Integrating operating conditions to develop a neural network for predicting organics removal and power density in an earthen microbial fuel cell treating leachate

Abstract

Nowadays, the acceptability of artificial neural networks (ANNs) to develop models for biological treatment systems has been broadened instead of the complex mechanistic mathematical model. The present study attempts to train neural networks to predict organics removal and power output from an earthen microbial fuel cell treating acidogenic leachate obtained from kitchen waste. To model the effluent chemical oxygen demand (COD) and volatile fatty acid (VFA) values and power density, the study used four input parameters: influent COD, and VFA, hydraulic retention time, and anode electrode surface area.

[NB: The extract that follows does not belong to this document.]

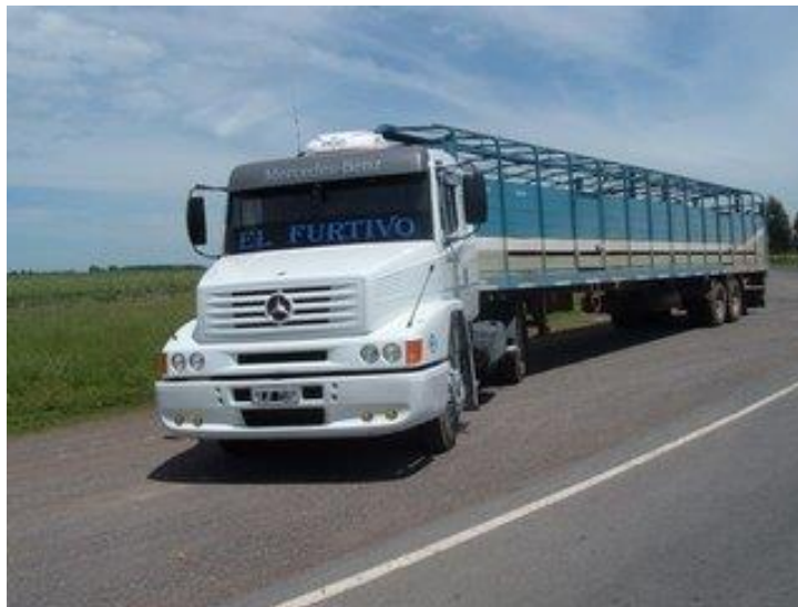
Figura N° 2. Equipo para el traslado de hacienda: Tractor y semirremolque jaula

La jaula tiene características especiales para poder transportar animales vivos: tiene que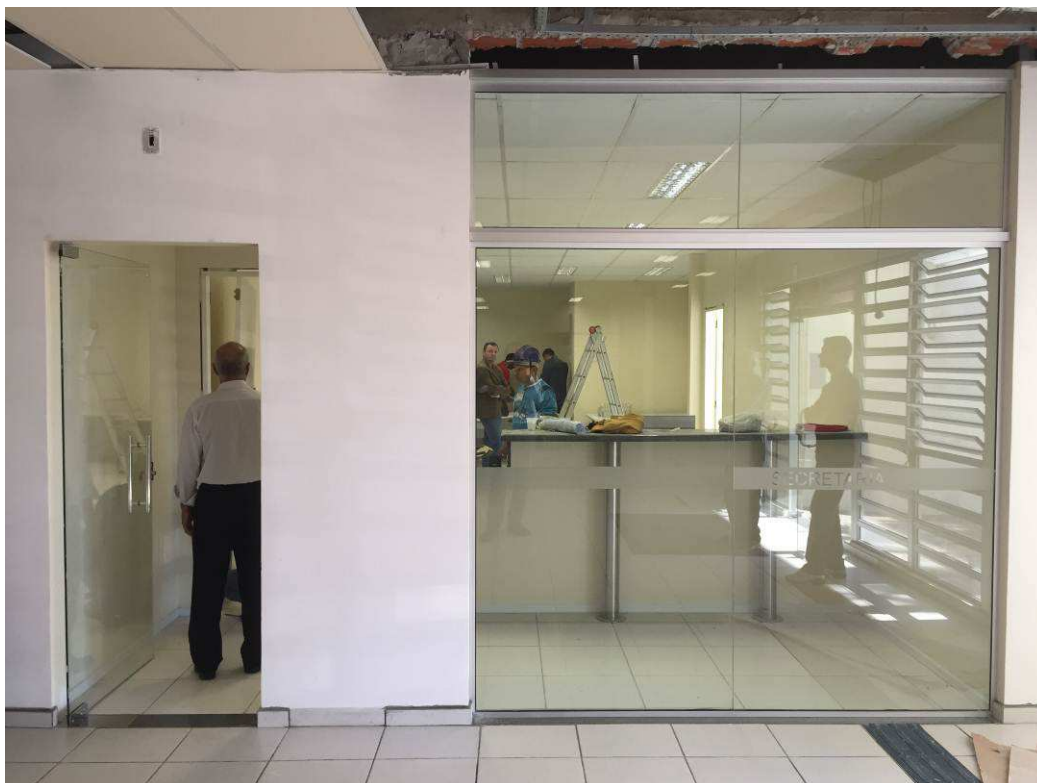
Figura 2 – Vista interna - entrada da 2ª Vara.

Among the multiple algorithms employed, the Bayesian inference proved to deliver a winning model to forecast the response variable with an overall high coefficient of determination of 0.9890. This high correlation for a biological system employing a real substrate, i.e. leachate, ensures the model’s reproducibility and adequacy. Additionally, the statistical error criteria for model efficacy showed acceptable values. Besides, the study performs validation runs with an error of approx. 11% with conservative predictions. Ultimately, the ANN model fared well in predicting the response for effluent COD and power output when compared with kinetic study (Han-Levenspiel) and statistical equation (from ANOVA) to the experimental values.